Fucose-containing sulfated polysaccharides from brown seaweeds inhibit proliferation of melanoma cells and induce apoptosis by activation of caspase-3 in vitro

Abstract

Fucose-containing sulfated polysaccharides (FCSPs) extracted from seaweeds, especially brown macro-algae, are known to possess essential bioactive properties, notably growth inhibitory effects on tumor cells. In this work, we conducted a series of in vitro studies to examine the influence of FCSPs products from Sargassumhenslowianum C. Agardh (FSAR) and Fucus vesiculosus (FVES), respectively, on proliferation of melanoma B16 cells and to investigate the underlying apoptosis promoting mechanisms. Cell viability analysis showed that both FCSPs products, i.e., FSAR and FVES, decreased the proliferation of the melanoma cells in a dose-response fashion, with FSAR being more potent at lower dosages, and FVES being relatively more anti-proliferative than FSAR at higher dosages. Flow cytometric analysis by Annexin V staining of the melanoma cells exposed to the FCSPs products confirmed that both FSAR and FVES induced apoptosis. The FCSPs-induced apoptosis was evidenced by loss of plasma membrane asymmetry and translocation of the cell membrane phospholipids and was accompanied by the activation of caspase-3. The FCSPs bioactivity is proposed to be attributable to distinct structural features of the FCSPs, particularly the presence of sulfated galactofucans (notably in S.henslowianum) and sulfated fucans (notably in F. vesiculosus). This study thus indicates that unfractionated FCSPs may exert bioactive effects on skin cancer cells via induction of apoptosis through cascades of reactions that involve activation of caspase-3.

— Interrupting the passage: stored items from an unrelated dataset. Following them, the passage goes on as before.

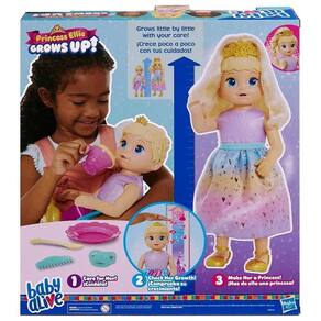 Dê carinho e cuide da boneca, aos poucos você poderá acompanhar seu crescimento com diferentes sons em cada fase e vê-la se transformar em princesa, esse então é o momento de colocar a coroa e os longos cabelos, a princesa fica ainda mais surpreendente com seus 75 sons e frases em Português e acessórios para completar a brincadeira, tornando tudo ainda mais real. Esta boneca Baby Alive tem 37cm inicialmente e cresce lentamente quando as crianças usam seus acessórios como: chupeta, copo com canudinho e tigela com colher. A boneca irá crescer lentamente com as brincadeiras e ao se alimentar.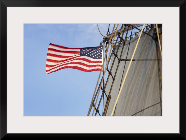 <p>United States flag flying on Hawaiian Chieftain, a Square Topsail Ketch. Owned and operated by the Grays Harbor Historical Seaport, Aberdeen, Washington State</p>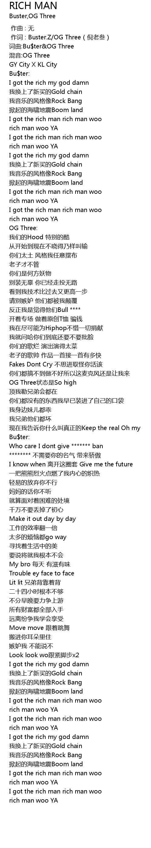 | [02:59.20] | I got the rich my god damn |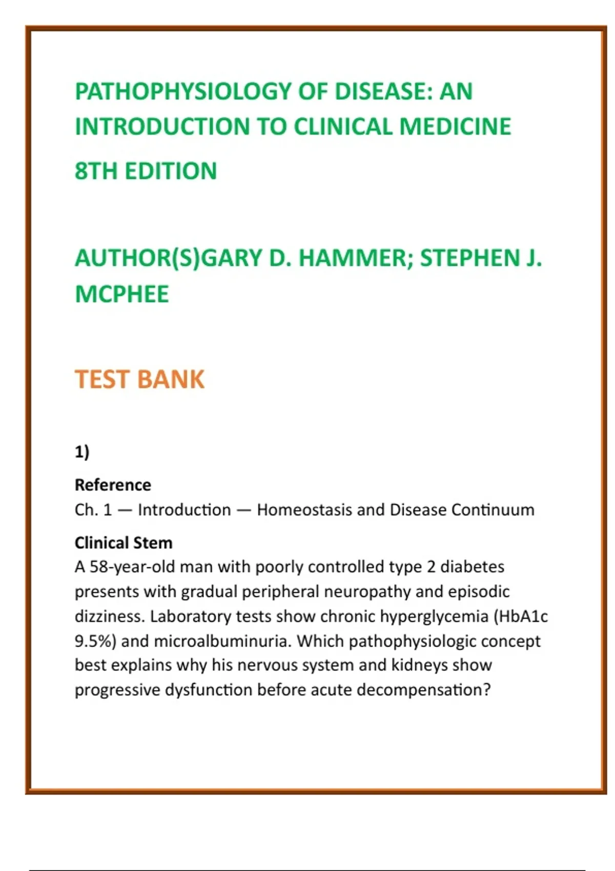 Pathophysiology of Disease Test Bank (8th Ed) | Hammer & McPhee | Case-Based Clinical Pathophysiology MCQs Description: Master disease mechanisms and clinical reasoning with this comprehensive digital test bank built directly from Pathophysiology of Disease: An Introduction to Clinical Medicine, 8th Edition by Hammer & McPhee—the gold standard in clinical pathophysiology education. This exam-ready resource provides FULL textbook coverage across ALL chapters and organ systems, with 20 clinically oriented MCQs per chapter designed to mirror real exam and bedside reasoning. Each question is grounded in pathogenesis, molecular and cellular mechanisms, and systemic consequences, pushing learners beyond memorization into true clinical understanding. Every MCQ includes a clearly identified correct answer with detailed, evidence-based rationales, explaining why an option is correct and why others are not. Clinical case vignettes integrate signs and symptoms, diagnostic interpretation, and disease progression, reinforcing the essential link between basic science and patient care. This test bank is ideal for students and educators seeking a time-efficient, high-yield study guide that builds confidence for exams while strengthening real-world diagnostic thinking. It is perfectly aligned with curricula that rely on Hammer & McPhee, including: Pathophysiology Clinical Medicine & Internal Medicine Foundations Medical-Surgical Pathophysiology Advanced Nursing Pathophysiology (BSN, MSN, DNP) Physician Assistant (PA) didactic coursework Key Features: Full-chapter coverage of Pathophysiology of Disease, 8th Edition 20 high-quality, case-based MCQs per chapter Detailed rationales grounded in disease mechanisms Integration of molecular, cellular, and systemic pathology Designed for exams, coursework mastery, and clinical reasoning Build deeper understanding. Diagnose with confidence. Prepare smarter—not longer. Keywords: pathophysiology of disease test bank Hammer and McPhee pathophysiology clinical pathophysiology questions medical pathophysiology study guide case based pathophysiology MCQs pathophysiology exam prep PA pathophysiology test bank advanced nursing pathophysiology questions Hashtags: #PathophysiologyTestBank #HammerMcPhee #ClinicalPathophysiology #MedicalEducation #PathophysiologyExamPrep #CaseBasedMCQs #PAStudentResources #AdvancedNursingPathophysiology #MedSchoolStudy #ClinicalReasoning

Keywords: anti-tumor; apoptosis; bio-activity; fucoidan; fucose; sulfated polysaccharides.

Figure 1

Infrared analysis of fucose-containing sulfated polysaccharides (FCSPs) from (a) Sargassum henslowianum C. Agardh (FSAR) and (b) Fucus vesiculosus (FVES) scanned between 1800 and 550 cm⁻¹.

Figure 2

One-dimensional ¹H NMR spectra of crude FCSPs from (a) Sargassum henslowianum C. Agardh (FSAR) and (b) Fucus vesiculosus (FVES) in D₂O obtained using an INOVA 600 NMR spectrometer (Agilent Technologies, Tokyo, Japan).

Figure 3

MTT based colorimetric assay of cell viability of melonama B16 cells after treatment for 24 h with different dosage levels of crude fucose-containing sulfated polysaccharides from Sargassum henslowianum C. Agardh (FSAR) and Fucus vesiculosus (FVES), respectively. Cell density was 6 × 10⁴ cells per well. ^a,b indicate statistically significantly different (P ≤ 0.05) cell viability levels after treatment with the two FCSP products at the same dosage level (mg/mL) (n = 4).

Figure 4

Flow cytometric analysis by Annexin V staining of Melanoma B16 cells treated for 24 h with 0.2 mg/mL crude fucose-containing sulfated polysaccharide (FCSP) products extracted from S. henslowianum C. Agardh (FSAR) and F. vesiculosus (FVES), respectively. (a) Apoptosis induced by FSAR (41 ± 3%, n = 2), FVES (30 ± 5%, n = 2); control 11.66 % (data not shown) (b) FSAR data and (c) FVES data for FACS scans of FCSP treated Melanoma 16 cells that were viable and not undergoing apoptosis (Annexin V⁻ and 7-AAD⁻); undergoing early apoptosis, with membrane integrity intact (Annexin V⁺and 7-AAD⁻); in the latest stage apoptosis and dead (Annexin V⁺ and 7-AAD⁺ ), respectively.

Figure 5

Activation of caspase-3 after treatment of melanoma B16 cells with different dosages of FCSPs from S. henslowianum (FSAR) and F. vesiculosus (FVES). For each dosage treatment the caspase-3 activity was assayed on a cytosolic extract of melanoma B16 cells with a DEVD-pNA substrate (contact at 37 °C for 1 h) and spectrophotometric detection by measuring the absorbance at 405 nm (n = 2).

Figure 6

Proposed mechanism for inhibition of the proliferation of melanoma cells by FCSPs: Activation of macrophages via membrane receptors, which leads to the production of cytokines that enhance NK cell activation. Activated NK cells release Granzyme B and perforin through granule exocytosis into the space between NK cells and melanoma cells to initiate caspase cascades in melanoma cells. Assimilation of Granzyme B by the tumor cells is facilitated by perforin. Granzyme B then initiates apoptosis by triggering the release of mitochondrial cytochrome c and apoptosome formation leading to caspase-3 activation, which in turn translocates the nucleus causing DNA fragmentation—the distinct morphological change of cells by apoptosis [36,37].